If the codomain is RXR ( R cross R, i.e. the set of all two element tuples of real numbers), then (-a, a), a an element of R, is a single element in that set. Sets are not restricted to scalars, they can be sets of sets, sets of sets of sequences of sets of sequences of graphs, or dogs or really anything.

but f(x) : R -> R, x -> x^2 isn't invertible,

Again,

there is nothing wrong with, define sqroots : R -> R X R, as sqroots( x ) = ( -sqrt(x), +sqrt(x) )

htirwin wrote:
but f(x) : R -> R, x -> x^2 isn't invertible, Again, there is nothing wrong with, define sqroots : R -> R X R, as sqroots( x ) = ( -sqrt(x), +sqrt(x) )

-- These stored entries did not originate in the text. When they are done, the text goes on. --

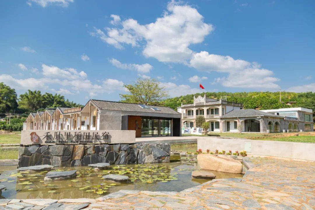 走進了位于梅州大埔縣西河鎮的禾肚里稻田民宿。詩意禾肚里,心靈棲息地。以農耕文化為載體,以稻田、溪流、花草、蜜柚等為主題特色,與村里的其他人文景觀“串珠成鏈”,為游客提供沉浸式體驗鄉村美景和民俗文化之余的休憩之處。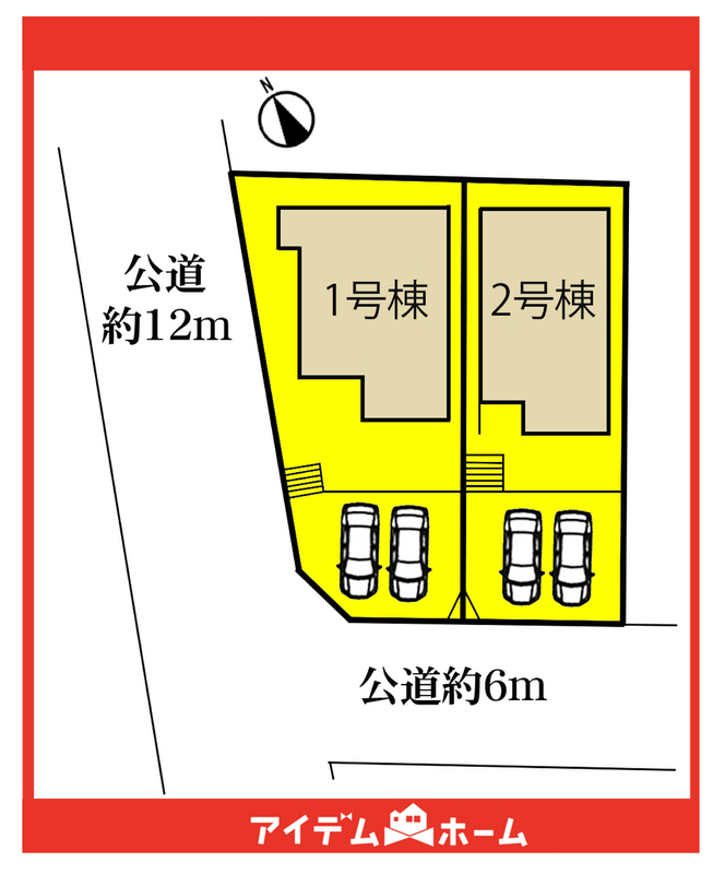 | 駐車場 | 2台 | 道路の幅員 | 北西側12m南西側6m公道 |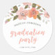 Este adesivo circular de Festa de formatura flórica delicada apresenta uma delicada cor-de-água floral com as palavras "Festa de formatura" no guião de pêssego da moenda. Personalize-o com seus detalhes substituindo o texto do marcador de posição. Para obter mais opções, como alterar a fonte, o tamanho/cor do texto, o espaçamento entre letras ou para contrair ou expandir o texto curvo, clique no botão "Personalizar". *Observe que a Marca d'água do Zazzle que aparece na visualização de zoom NÃO aparecerá no produto impresso final. © Rosewood e Citrus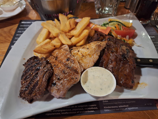 Read moreLocatie is prachtig en het idee van lekker pannenkoeken eten met de kinderen bracht ons hier. We werden geplaatst naast de aquariums die helaas wel een schoonmaak beurt konden gebruiken. Ook hing er een nare lucht. De aankleding was meh, maar wetend dat er veel kinderen zijn begrijp we dat er hiervoor gekozen werd. De meiden die er liepen was heel behulpzaam en gastvrij. Al viel het op dat ze letterlijk allemaal het zelfde waren, donker blond / bruin lang haar van rond de 18. De manager leek een vaste plek bij de bar te hebben, beetje rond kijken, die kwam in 1 uur tijd 1x van de de plek. Werden er een beetje ongemakkelijk van. Eten was supermarkt kwaliteit (pannenkoeken waren wel wat beter, moet ik eerlijk zijn). Maar stokbrood, de sausen, patat, het miste de liefde van een chef. Ook vond ik 5 euro voor 3 slokken goedkoop smakende wijn, een beetje jammer. Maar de kinderen (6 en 9) vonden het leuk, en daar...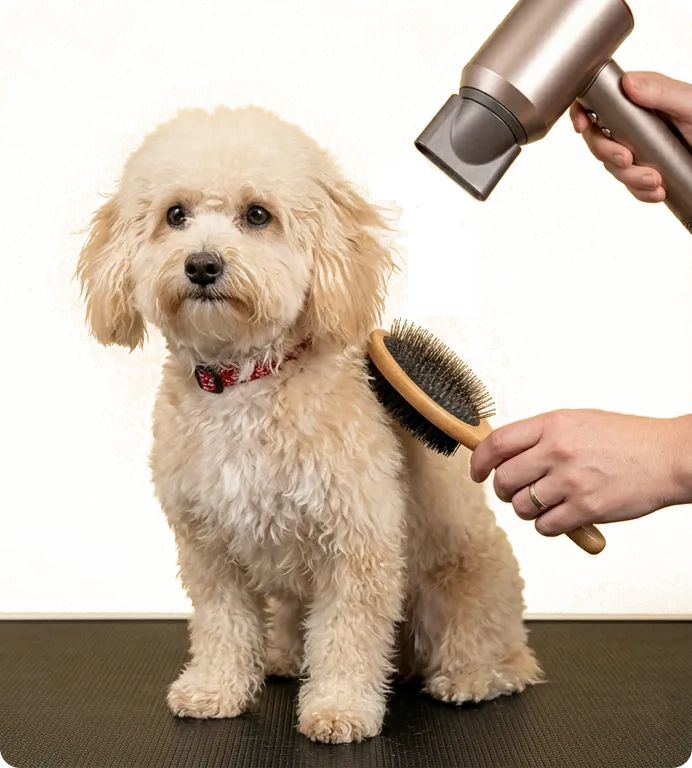 Professional blow-dry that fluffs the coat, removes loose undercoat, and cuts down on shedding at home.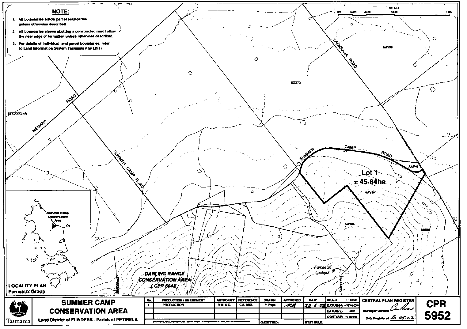 PART 8 - Summer Camp Conservation AreaAll that land comprising about 45.84 hectares shown bounded as indicated by a heavy black line on Plan 5952 in the Central Plan Register, a reduced copy of which is included by way of illustration only, in Part 9 of Schedule 2 to this proclamation.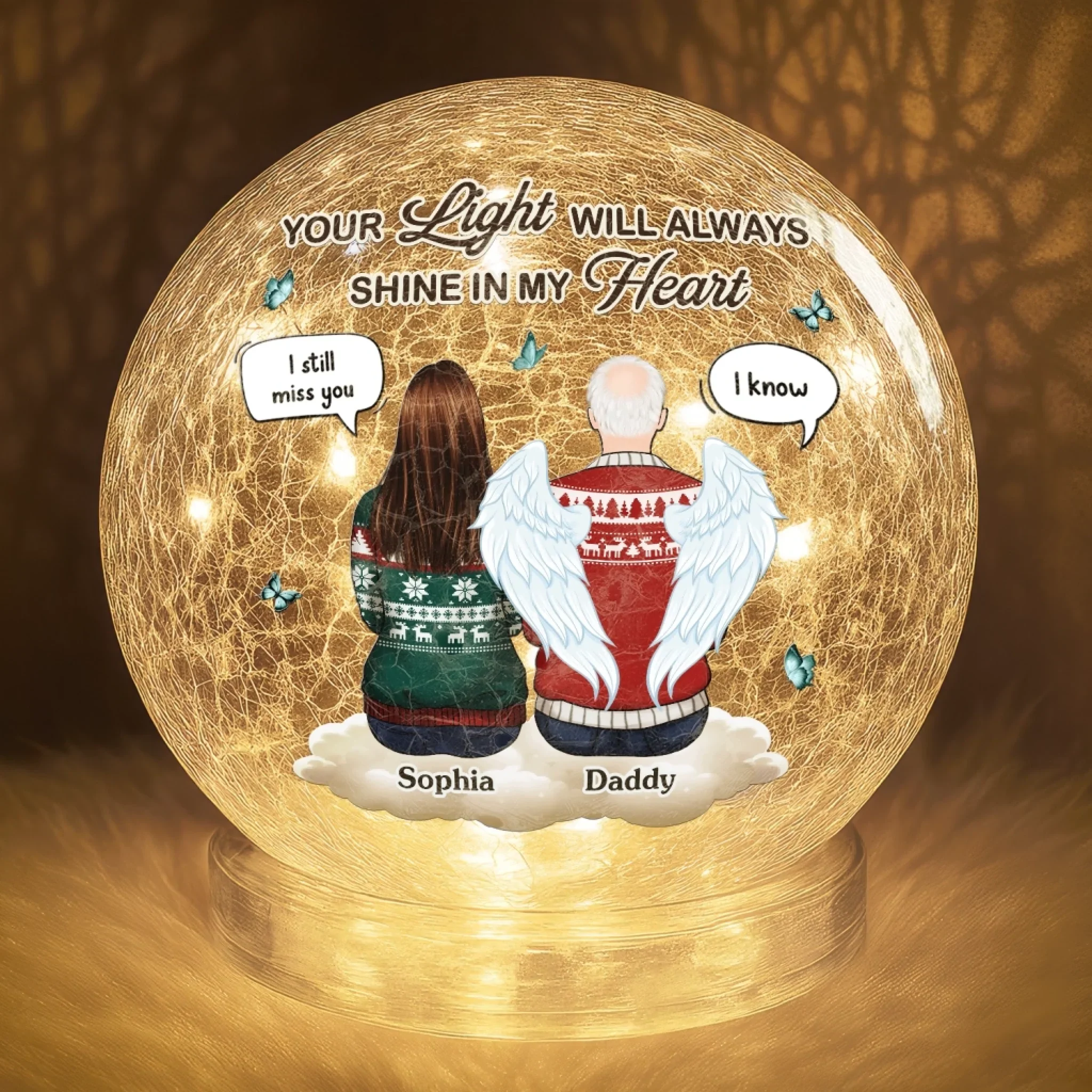 Custom Crackle Glass LED Ball - Personalized Christmas Memorial Sympathy Gifts For Loss Of Mom, Dad - Your Love Still Lights My Way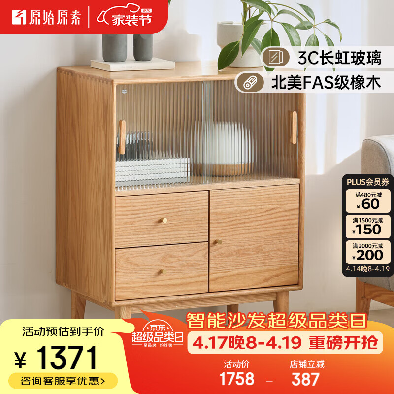 原始原素 实木餐边柜橡木简约客厅茶水柜移门厨房储物柜碗柜F8141 0.65A款餐边柜-原木色F8103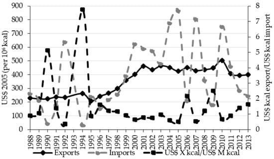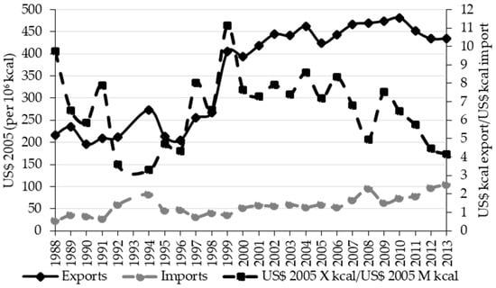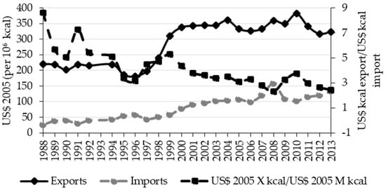 In order to respond to the two objectives of the paper, we use the recently introduced concept of caloric unequal exchange, defined as the deterioration in the terms of trade of food traded when considering the cost of exported and imported calories [3], and explained with detail in Section 2. The study originally introducing the concept focused on Latin America and the Caribbean as a block, showing that, even if calories exported were more expensive than those imported, there was a deterioration of the terms of trade since 1961 and the region was increasingly feeding the rest of the world at ever cheaper costs to the calorie. This went along with an increased volume (and value) of exports, making explicit the recent turn, to intensify the international insertion of the region as a provider of commodities to the rest of the world. This international insertion is seen by some as positive from an economic point of view. However, the impacts upon the environment in terms of soil deterioration, export of nutrients, and increased energy consumption and CO2 emissions from those exports, are still not clear as there are only a few studies that analyze the loss of nutrients involved in food exports [4].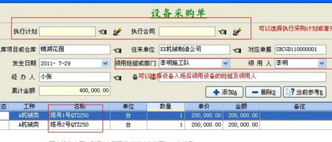 在使用機(jī)械設(shè)備的過程由于老化、意外事故等情況,需要重新采購設(shè)備。那么可以執(zhí)行設(shè)備采購合同,設(shè)備的基礎(chǔ)信息可以直接從合同中導(dǎo)入。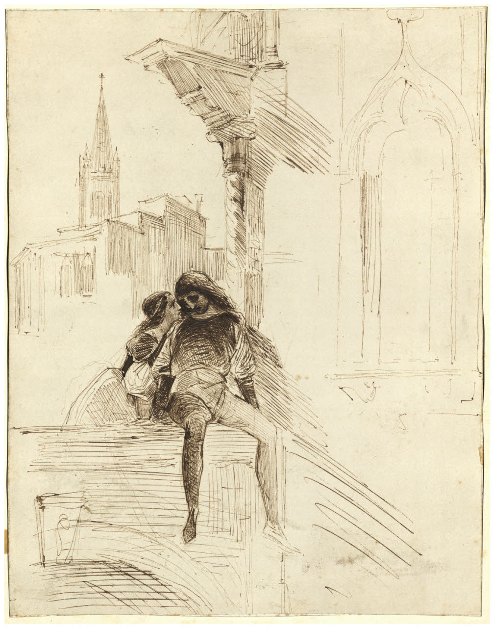 - NOTIZIE STORICO CRITICHE Già appartenuto alla collezione Luccardi, questo disegno di Tranquillo Cremona illustra un giovane in costume medievale seduto sul parapetto di una scala, mentre una giovane, pure in costume, si appoggia alla sua spalla. Nello sfondo si vede il particolare di un'architettura medievale e una chiesa. Il soggetto risente della pittura in costume cara al Romanticismo, sulla falsariga hayezziana (Bossaglia 1994). Come sovente nella produzione grafica di Cremona, il gruppo di figure è ben dettagliato, mentre gli elementi di contesto sono solo accennati con rapidi tratti, creando una sorta di non-finito, caratteristica questa che fu molto contestata dalla critica contemporanea.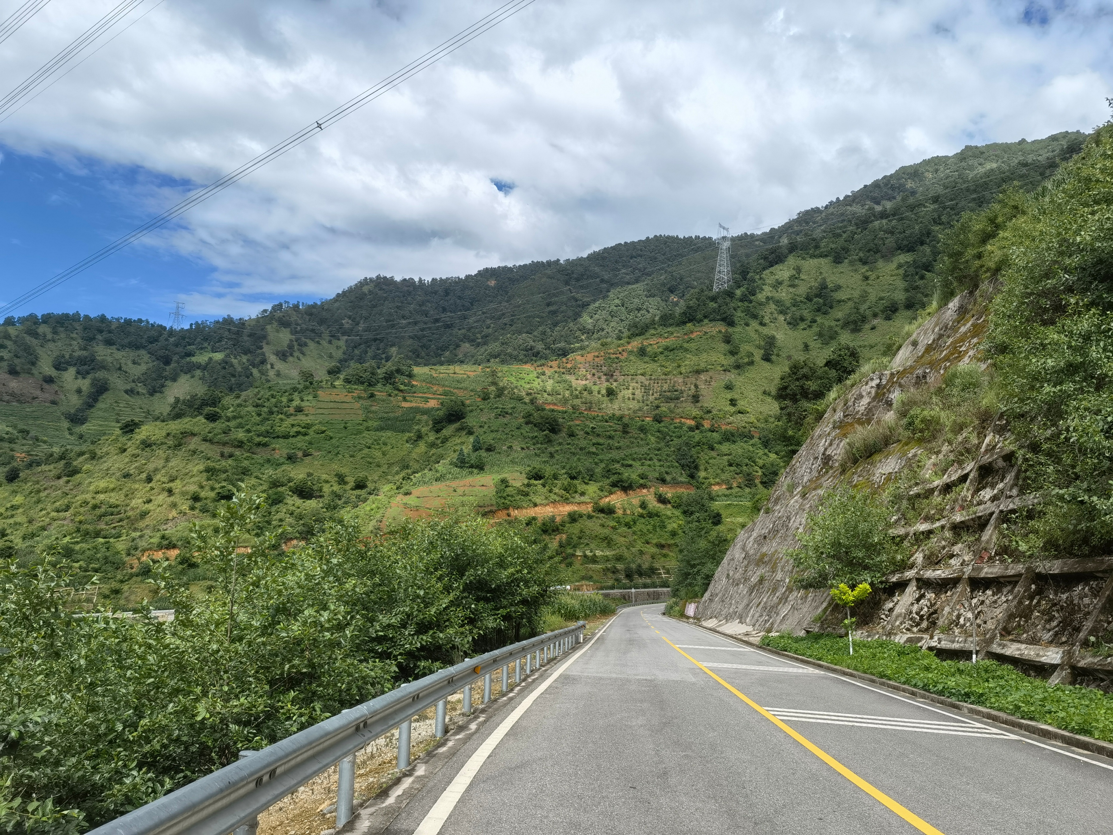 一出德昌县城新铺筑的油路让我们精神一振,想象中的大坑小凼没出现在车轮下,全是机拌机铺的沥青路面,标线标志十分清晰。这样的好路不是一段,而是全程,直达茨达、直达山顶。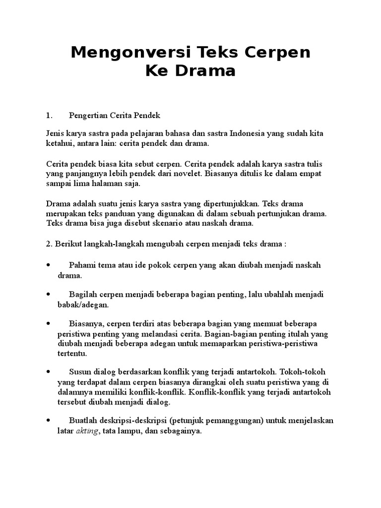Contoh Cerpen Menjadi Naskah Drama Singkat - Contoh Resource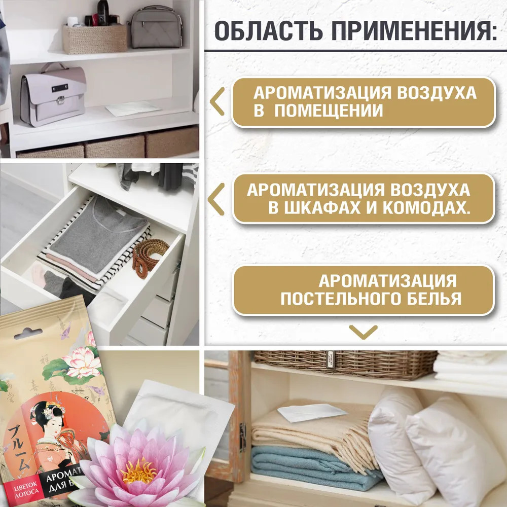 Положила в шкаф с одеждой, аромат по всей комнате. Очень понравилось, буду еще заказывать из этой серии

Yes, it is fine, I never said it wasn't. My assertion was with f : R -> R, not with R -> R X R. These map different sets, so they're not exactly comparable like that. That definition of sqrts still isn't the inverse of f : R -> R. f(x) -> x^2, though. It isn't invertable without restricting its domain.

I'm more saying that the principle root is, in fact, a function, not that returning a pair of values is invalid. By definition, both are perfectly valid.

The problem with sqroots is not that the domain is restricted. This would be fine, as in for example the case of exp and log. The problem is that the codomain of sqroots is not the domain of x^2. Furthermore, the codomain of sqroots and the domain of x^2 have a null intersection: for all x in R, sqroots(x^2) != x.

You can invert non-injective functions, but the result is not a function, but a multivalued function. A function that merely maps to a cartesian product or to a powerset is not a multivalued function.

http://www.cplusplus.com/reference/cmath/sqrt/

If x is negative, a domain error occurs:
If a domain error occurs:
- And math_errhandling has MATH_ERRNO set: the global variable errno is set to EDOM.
- And math_errhandling has MATH_ERREXCEPT set: FE_INVALID is raised.

You may as well ask why MATH_PI does not have the exact value of pi, or why sqrt(2) is not exactly equal to the positive square root of 2.